Но я – другое дело (фр.).

Глава IV. И не лишняя для путешественников (Окончательное решение о том: действительно ли «рассудка француз не имеет»?)

Но нет, однако, почему же рассудка француз не имеет, спрашивал я себя, рассматривая четырех новых пассажиров, французов, только что вошедших в наш вагон. Это были первые французы, которых я встретил на их родной почве, если не считать таможенных в Аркелине, откуда мы только что тронулись. Таможенные были чрезвычайно вежливы, свое дело сделали скоро, и я вошел в вагон, очень довольный первым шагом моим во Франции. До Аркелина, в восьмиместном отделении нашем, нас помещалось всего только двое, я и один швейцарец, простой и скромный человек, средних лет, чрезвычайно приятный собеседник, с которым мы часа два проболтали без умолку. Теперь же нас было шестеро, и, к удивлению моему, мой швейцарец, при новых четырех спутниках наших, вдруг сделался чрезвычайно несловоохотлив. Я было обратился к нему с продолжением прежнего разговора, но он видимо поспешил замять его, отвечал что-то уклончиво, сухо, чуть не с досадой, отворотился к окну и начал рассматривать виды, а через минуту вытащил свой немецкий гид и совершенно углубился в него. Я тотчас же его и оставил и молча занялся нашими новыми спутниками.
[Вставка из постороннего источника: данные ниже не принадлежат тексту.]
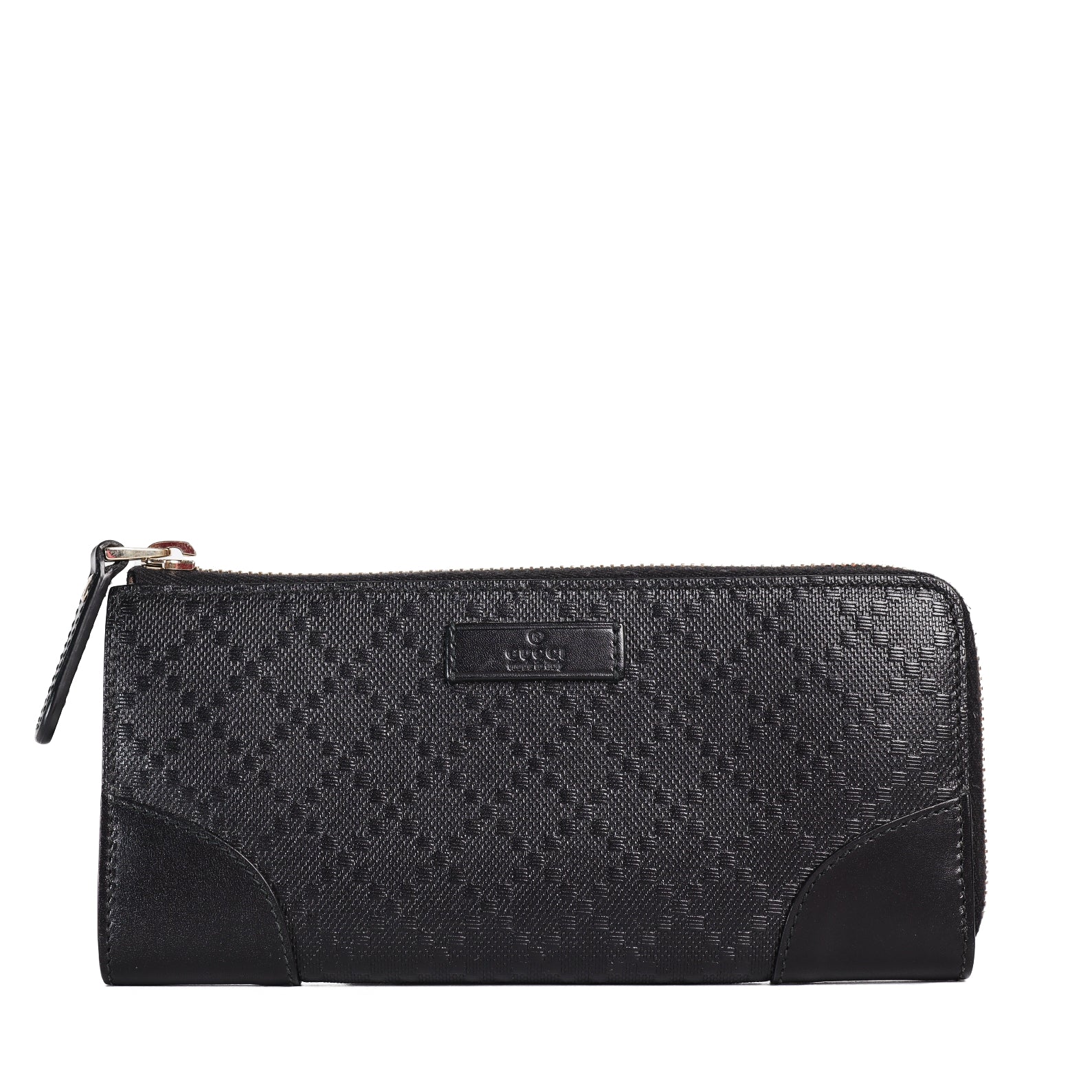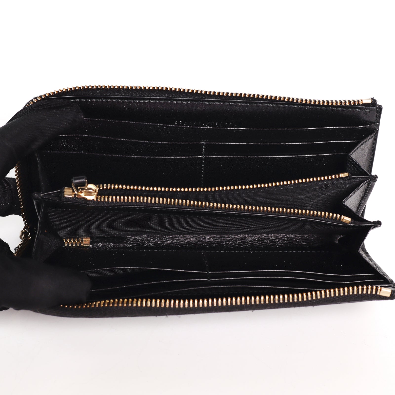 Pre-owned Gucci Zip GG Black Calfskin Long Wallet 11211489

Это был какой-то странный народ. Ехали они налегке и вовсе не походили на путешественников. Ни узелка, ни даже платья, которое бы сколько-нибудь напоминало человека дорожного. Все они были в каких-то легоньких сюртучках, страшно потертых и изношенных, немного лучше тех, какие носят у нас офицерские денщики или дворовые люди в деревнях у среднего рода помещиков. Белье было на всех грязное, галстуки очень ярких цветов и тоже очень грязные; на одном из них был намотан остаток шелкового платка из таких, которые вечно носятся и пропитываются целым фунтом жира после пятнадцатилетнего соприкосновения с шеей носителя. У этого же носителя были еще какие-то запонки с фальшивыми брильянтами в орех величиною. Впрочем, держали они себя с каким-то шиком, даже молодцевато. Все четверо казались одних и тех же лет, тридцати пяти или около, и, не будучи сходны лицом, были чрезвычайно похожи один на другого. Лица их были помятые, с казенными французскими бородками, тоже очень похожими одна на другую. Видно было, что это народ, прошедший сквозь разные трубы и усвоивший себе навеки хоть и кислое, но чрезвычайно деловое выражение лица. Показалось мне тоже, что они были знакомы друг с другом, но не помню, сказали ль хоть

одно слово между собою. На нас, то есть на меня и на швейцарца, они как-то, видимо, не хотели смотреть и, небрежно посвистывая, небрежно рассевшись на местах, равнодушно, но упорно поглядывали в окна кареты. Я закурил папиросу и от нечего делать их разглядывал. У меня, правда, мелькал вопрос: что ж это в самом деле за народ? Работники не работники, буржуа не буржуа. Неужели ж отставные военные, что-нибудь `a la demi-solde [14] или в этом роде? Впрочем, я как-то не очень ими заботился. Через десять минут, только что мы подъехали к следующей станции, они все четверо один за другим тотчас же выскочили из вагона, дверца захлопнулась, и мы полетели. На этой дороге почти не ждут на станциях: минуты две, много три – и уже летят далее. Везут прекрасно, то есть чрезвычайно быстро.

14

На половинном жалованье (фр.).

Только что мы остались одни, швейцарец мигом захлопнул свой гид, отложил его в сторону и с довольным видом посмотрел на меня, с видимым желанием продолжать разговор.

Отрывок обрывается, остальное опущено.